Le Covid-19 a poussé le monde à la solidarité. Dès le début de la pandémie, les pays riches ont plaidé pour que les Etats africains disposent des moyens financiers pour répondre à la crise sanitaire La prise de conscience est mondiale. À la mi-avril, le G20, le club regroupant les pays riches et les émergents adopte un moratoire sur la dette des pays pauvres. Il concerne d’abord l’année 2020 et sera prolongé en octobre jusqu’en avril 2021. Soixante-dix, pays dont une trentaine en Afrique, bénéficient d’un gel des remboursements de leur dette. L’Ivoirien Tidjane Thiam, émissaire de l’Union africaine pour la crise Covid, saluait à l’époque cette initiative. « Tout le monde voit maintenant que c’est la manière la plus rapide de mettre de l’argent immédiatement sur le terrain pour agir au profit des populations, plutôt que d’attendre des décaissements qui, dans le meilleur des cas, mettront des semaines à arriver dans les différents pays. »
Moratoire portant sur 5,7 milliards de dollars de créances
Le moratoire porte sur 5,7 milliards de dollars de créances. Mais au vu l’ampleur de la crise, il est loin de suffire à régler tous les problèmes notamment pour les pays africains. Ce moratoire ne porte en effet que les dettes détenues par des créanciers publics membres du club de Paris. L’immense dette détenue par la Chine, premier créancier de l’Afrique et la tout aussi immense dette aux mains des créanciers privés ne sont pas concernées. Le G20 a donc cherché des solutions. Mais si la Chine a accepté le principe d’un mécanisme commun destiné à mettre en place des rééchelonnements de dette, en revanche les créanciers privés font toujours la sourde oreille. Il est donc vite apparu qu’on ne pourrait pas élargir le moratoire, encore moins annuler toute les créances africaines. Rappelons que la dette globale du continent atteint 1800 milliards de dollars.
Cependant, les grandes puissances et les pays émergents sont tombés d’accord sur le principe de corriger une injustice qui frappe l’Afrique, celle des taux d’intérêts prohibitifs payés par les pays africains quand ils ont recours aux marchés financiers. Là où l’Europe emprunte à un demi, voire à zéro pour cent, l’Afrique emprunte à six ou sept pour cent.
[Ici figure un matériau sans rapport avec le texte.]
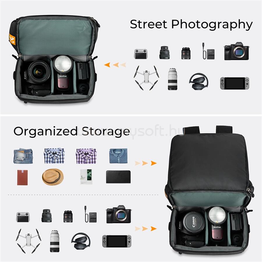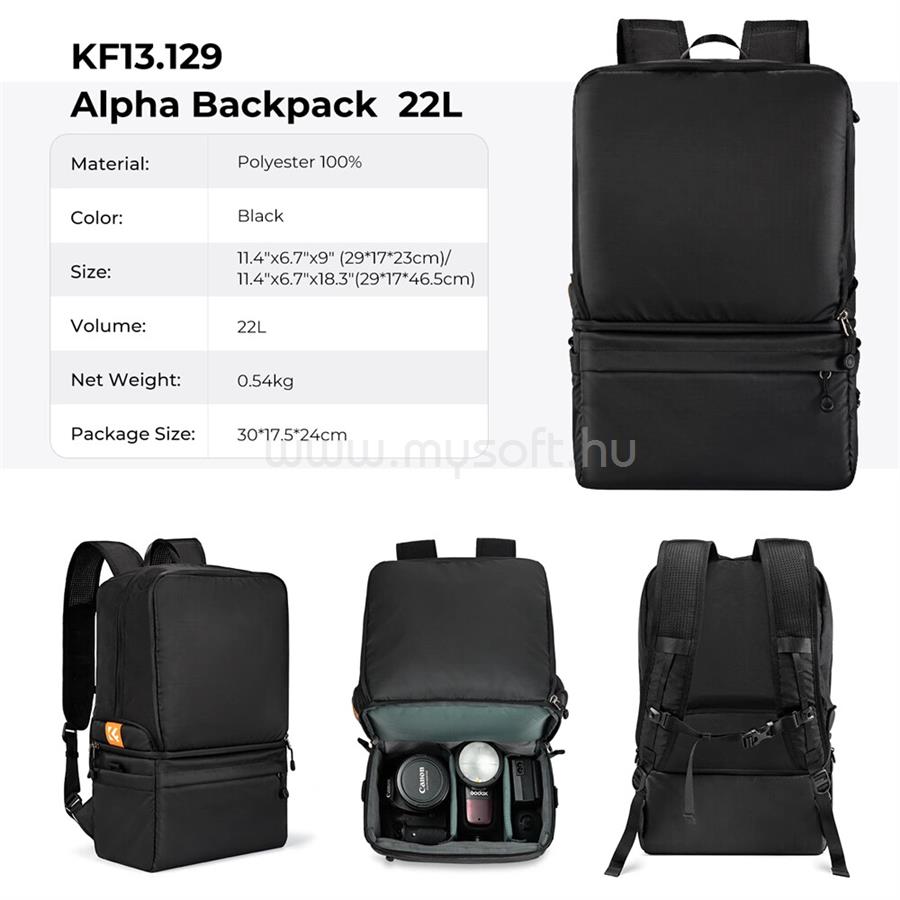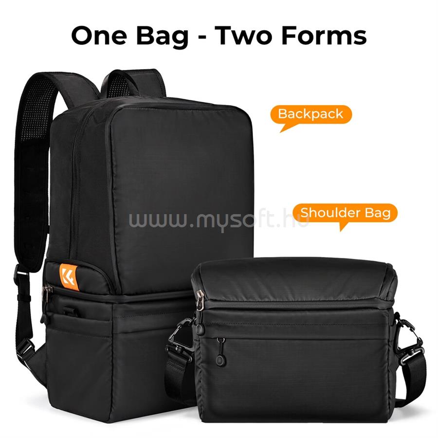 K AND F CONCEPT K&F CONCEPT COLLAPSIBLE BACKPACK 22L, FOTÓS HÁTIZSÁK, OLDALTÁSKÁVA CSUKHATÓ, FEKETE

L’idée qui circule entre les capitales de la finance mondiale, et les institutions de type FMI est de permettre aux Etats de troquer leurs dettes à taux élevés contre des dettes à bas taux, ce qui permet d’énormes économies sur les remboursements. Une proposition notamment mise sur la table par le Comité économique pour l’Afrique des Nations unies.
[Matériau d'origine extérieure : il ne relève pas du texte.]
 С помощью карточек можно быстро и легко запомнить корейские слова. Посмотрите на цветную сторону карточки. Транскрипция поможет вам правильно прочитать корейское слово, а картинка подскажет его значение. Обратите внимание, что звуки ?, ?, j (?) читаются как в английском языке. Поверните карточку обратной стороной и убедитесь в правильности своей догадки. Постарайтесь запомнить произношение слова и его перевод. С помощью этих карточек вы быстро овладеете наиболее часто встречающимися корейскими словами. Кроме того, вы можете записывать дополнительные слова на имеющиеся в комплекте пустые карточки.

Le FMI réfléchit aussi à une autre hypothèse pouvant permettre aux pays africains d’accéder à d’immenses liquidités. Il s’agirait de lancer une émission extraordinaire de DTS, les fameux droits de tirage spéciaux, cet instrument financier créé par le Fonds monétaire international. Les DTS sont en fait des créances que les Etats peuvent convertir en monnaie : 500 milliards de dollars en DTS pourraient suffire à l’Afrique.
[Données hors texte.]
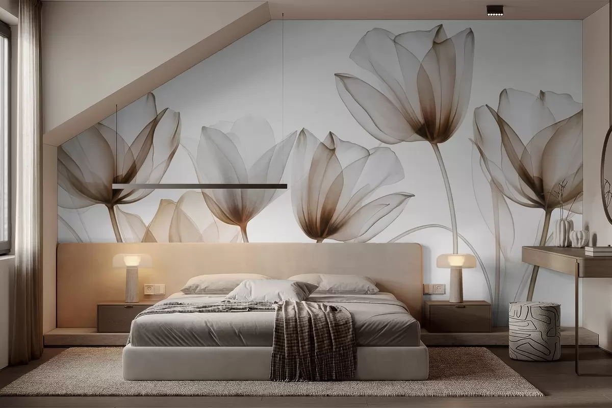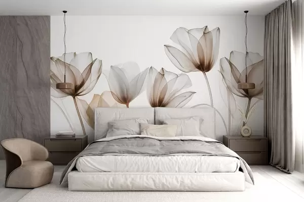 Фотошпалери Напівпрозорі коричневі та білі квіти тюльпанів з довгими стеблами на світлому тлі, ніжне та фактурне квіткове мистецтво w09538v1

Reste à convaincre tout le monde à commencer par les États-Unis comme l’explique Benoît Chevalier, spécialiste de la dette et enseignant à SciencePo Paris. « C’est un débat qui, jusqu’à présent, a fait l’objet d’un blocage de l’administration américaine, c’est-à-dire de l’administration Trump. Donc le point d’interrogation que l’on a sur 2021, c’est de savoir quelle va être l’attitude de l’administration démocrate par rapport à cette augmentation des DTS. Puisque si les États-Unis levaient leur veto sur cette augmentation, elle aurait lieu, ce qui permettrait de dégager un certain nombre de ressources supplémentaires au bénéfice des économies africaines.
Ces solutions actuellement en débat seront sur la table en mai prochain, date à laquelle se tiendra à Paris une grande conférence internationale sur la dette africaine et le financement des plans de relance pour le continent.